## Directions
Down to the last line, output the records below exactly.

Source data Start Marker

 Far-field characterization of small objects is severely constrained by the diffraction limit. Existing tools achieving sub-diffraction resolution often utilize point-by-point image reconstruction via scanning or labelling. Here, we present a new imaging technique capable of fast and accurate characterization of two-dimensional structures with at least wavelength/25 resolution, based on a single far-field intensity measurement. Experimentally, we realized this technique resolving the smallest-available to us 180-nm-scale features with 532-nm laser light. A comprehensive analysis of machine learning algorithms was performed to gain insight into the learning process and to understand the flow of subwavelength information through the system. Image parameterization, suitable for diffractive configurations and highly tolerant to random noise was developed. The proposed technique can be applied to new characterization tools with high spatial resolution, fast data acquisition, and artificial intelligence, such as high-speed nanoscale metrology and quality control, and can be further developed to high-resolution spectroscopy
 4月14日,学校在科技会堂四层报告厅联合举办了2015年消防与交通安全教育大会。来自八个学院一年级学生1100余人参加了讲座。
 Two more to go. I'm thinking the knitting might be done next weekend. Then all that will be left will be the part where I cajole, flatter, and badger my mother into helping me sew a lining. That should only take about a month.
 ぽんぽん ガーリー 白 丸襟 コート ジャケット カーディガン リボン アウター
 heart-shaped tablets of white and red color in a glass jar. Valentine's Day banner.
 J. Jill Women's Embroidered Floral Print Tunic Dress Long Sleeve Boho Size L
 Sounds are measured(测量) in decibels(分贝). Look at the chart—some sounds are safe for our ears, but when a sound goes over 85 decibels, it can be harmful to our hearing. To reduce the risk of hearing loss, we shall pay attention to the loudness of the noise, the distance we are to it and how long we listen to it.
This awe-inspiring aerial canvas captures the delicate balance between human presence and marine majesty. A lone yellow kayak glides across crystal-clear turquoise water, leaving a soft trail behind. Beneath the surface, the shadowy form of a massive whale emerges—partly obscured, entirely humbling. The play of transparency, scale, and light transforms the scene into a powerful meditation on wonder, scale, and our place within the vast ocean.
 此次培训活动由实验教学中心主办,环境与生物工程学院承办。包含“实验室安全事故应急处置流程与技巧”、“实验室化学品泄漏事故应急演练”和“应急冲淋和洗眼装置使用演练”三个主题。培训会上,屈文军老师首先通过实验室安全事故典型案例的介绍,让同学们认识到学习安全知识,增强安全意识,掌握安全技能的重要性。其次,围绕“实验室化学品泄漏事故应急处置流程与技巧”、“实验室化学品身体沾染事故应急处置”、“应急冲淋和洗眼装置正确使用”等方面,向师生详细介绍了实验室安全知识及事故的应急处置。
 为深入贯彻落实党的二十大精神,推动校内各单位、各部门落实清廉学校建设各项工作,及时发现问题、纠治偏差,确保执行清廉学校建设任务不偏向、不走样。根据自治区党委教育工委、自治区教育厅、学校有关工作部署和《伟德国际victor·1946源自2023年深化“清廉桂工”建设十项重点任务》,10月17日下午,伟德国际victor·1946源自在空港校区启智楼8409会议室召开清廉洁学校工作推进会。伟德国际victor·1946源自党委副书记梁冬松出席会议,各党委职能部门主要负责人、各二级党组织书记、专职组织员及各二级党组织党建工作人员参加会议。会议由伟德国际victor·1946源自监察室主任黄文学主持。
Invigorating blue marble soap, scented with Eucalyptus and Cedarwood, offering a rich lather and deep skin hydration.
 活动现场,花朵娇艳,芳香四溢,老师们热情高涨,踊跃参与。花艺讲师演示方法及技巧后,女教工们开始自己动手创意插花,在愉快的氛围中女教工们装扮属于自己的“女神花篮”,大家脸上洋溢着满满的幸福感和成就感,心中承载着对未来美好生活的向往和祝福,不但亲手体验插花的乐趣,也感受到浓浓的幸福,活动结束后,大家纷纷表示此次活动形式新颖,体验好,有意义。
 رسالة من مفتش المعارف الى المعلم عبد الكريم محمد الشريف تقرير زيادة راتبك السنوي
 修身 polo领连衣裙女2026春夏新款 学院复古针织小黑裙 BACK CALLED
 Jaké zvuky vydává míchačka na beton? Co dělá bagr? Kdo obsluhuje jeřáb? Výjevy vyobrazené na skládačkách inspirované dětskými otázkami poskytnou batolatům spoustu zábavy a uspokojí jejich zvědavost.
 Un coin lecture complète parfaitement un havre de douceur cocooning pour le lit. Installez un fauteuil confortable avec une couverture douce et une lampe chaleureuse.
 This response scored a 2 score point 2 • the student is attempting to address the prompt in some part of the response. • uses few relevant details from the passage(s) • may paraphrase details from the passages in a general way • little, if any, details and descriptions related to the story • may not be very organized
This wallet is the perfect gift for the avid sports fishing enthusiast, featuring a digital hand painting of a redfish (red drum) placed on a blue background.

Source data End Marker

## Exercise output
 Far-field characterization of small objects is severely constrained by the diffraction limit. Existing tools achieving sub-diffraction resolution often utilize point-by-point image reconstruction via scanning or labelling. Here, we present a new imaging technique capable of fast and accurate characterization of two-dimensional structures with at least wavelength/25 resolution, based on a single far-field intensity measurement. Experimentally, we realized this technique resolving the smallest-available to us 180-nm-scale features with 532-nm laser light. A comprehensive analysis of machine learning algorithms was performed to gain insight into the learning process and to understand the flow of subwavelength information through the system. Image parameterization, suitable for diffractive configurations and highly tolerant to random noise was developed. The proposed technique can be applied to new characterization tools with high spatial resolution, fast data acquisition, and artificial intelligence, such as high-speed nanoscale metrology and quality control, and can be further developed to high-resolution spectroscopy
 4月14日,学校在科技会堂四层报告厅联合举办了2015年消防与交通安全教育大会。来自八个学院一年级学生1100余人参加了讲座。
 Two more to go. I'm thinking the knitting might be done next weekend. Then all that will be left will be the part where I cajole, flatter, and badger my mother into helping me sew a lining. That should only take about a month.
 ぽんぽん ガーリー 白 丸襟 コート ジャケット カーディガン リボン アウター
 heart-shaped tablets of white and red color in a glass jar. Valentine's Day banner.
 J. Jill Women's Embroidered Floral Print Tunic Dress Long Sleeve Boho Size L
 Sounds are measured(测量) in decibels(分贝). Look at the chart—some sounds are safe for our ears, but when a sound goes over 85 decibels, it can be harmful to our hearing. To reduce the risk of hearing loss, we shall pay attention to the loudness of the noise, the distance we are to it and how long we listen to it.
This awe-inspiring aerial canvas captures the delicate balance between human presence and marine majesty. A lone yellow kayak glides across crystal-clear turquoise water, leaving a soft trail behind. Beneath the surface, the shadowy form of a massive whale emerges—partly obscured, entirely humbling. The play of transparency, scale, and light transforms the scene into a powerful meditation on wonder, scale, and our place within the vast ocean.
 此次培训活动由实验教学中心主办,环境与生物工程学院承办。包含“实验室安全事故应急处置流程与技巧”、“实验室化学品泄漏事故应急演练”和“应急冲淋和洗眼装置使用演练”三个主题。培训会上,屈文军老师首先通过实验室安全事故典型案例的介绍,让同学们认识到学习安全知识,增强安全意识,掌握安全技能的重要性。其次,围绕“实验室化学品泄漏事故应急处置流程与技巧”、“实验室化学品身体沾染事故应急处置”、“应急冲淋和洗眼装置正确使用”等方面,向师生详细介绍了实验室安全知识及事故的应急处置。
 为深入贯彻落实党的二十大精神,推动校内各单位、各部门落实清廉学校建设各项工作,及时发现问题、纠治偏差,确保执行清廉学校建设任务不偏向、不走样。根据自治区党委教育工委、自治区教育厅、学校有关工作部署和《伟德国际victor·1946源自2023年深化“清廉桂工”建设十项重点任务》,10月17日下午,伟德国际victor·1946源自在空港校区启智楼8409会议室召开清廉洁学校工作推进会。伟德国际victor·1946源自党委副书记梁冬松出席会议,各党委职能部门主要负责人、各二级党组织书记、专职组织员及各二级党组织党建工作人员参加会议。会议由伟德国际victor·1946源自监察室主任黄文学主持。
Invigorating blue marble soap, scented with Eucalyptus and Cedarwood, offering a rich lather and deep skin hydration.
 活动现场,花朵娇艳,芳香四溢,老师们热情高涨,踊跃参与。花艺讲师演示方法及技巧后,女教工们开始自己动手创意插花,在愉快的氛围中女教工们装扮属于自己的“女神花篮”,大家脸上洋溢着满满的幸福感和成就感,心中承载着对未来美好生活的向往和祝福,不但亲手体验插花的乐趣,也感受到浓浓的幸福,活动结束后,大家纷纷表示此次活动形式新颖,体验好,有意义。
 رسالة من مفتش المعارف الى المعلم عبد الكريم محمد الشريف تقرير زيادة راتبك السنوي
 修身 polo领连衣裙女2026春夏新款 学院复古针织小黑裙 BACK CALLED
 Jaké zvuky vydává míchačka na beton? Co dělá bagr? Kdo obsluhuje jeřáb? Výjevy vyobrazené na skládačkách inspirované dětskými otázkami poskytnou batolatům spoustu zábavy a uspokojí jejich zvědavost.
 Un coin lecture complète parfaitement un havre de douceur cocooning pour le lit. Installez un fauteuil confortable avec une couverture douce et une lampe chaleureuse.
 This response scored a 2 score point 2 • the student is attempting to address the prompt in some part of the response. • uses few relevant details from the passage(s) • may paraphrase details from the passages in a general way • little, if any, details and descriptions related to the story • may not be very organized
This wallet is the perfect gift for the avid sports fishing enthusiast, featuring a digital hand painting of a redfish (red drum) placed on a blue background.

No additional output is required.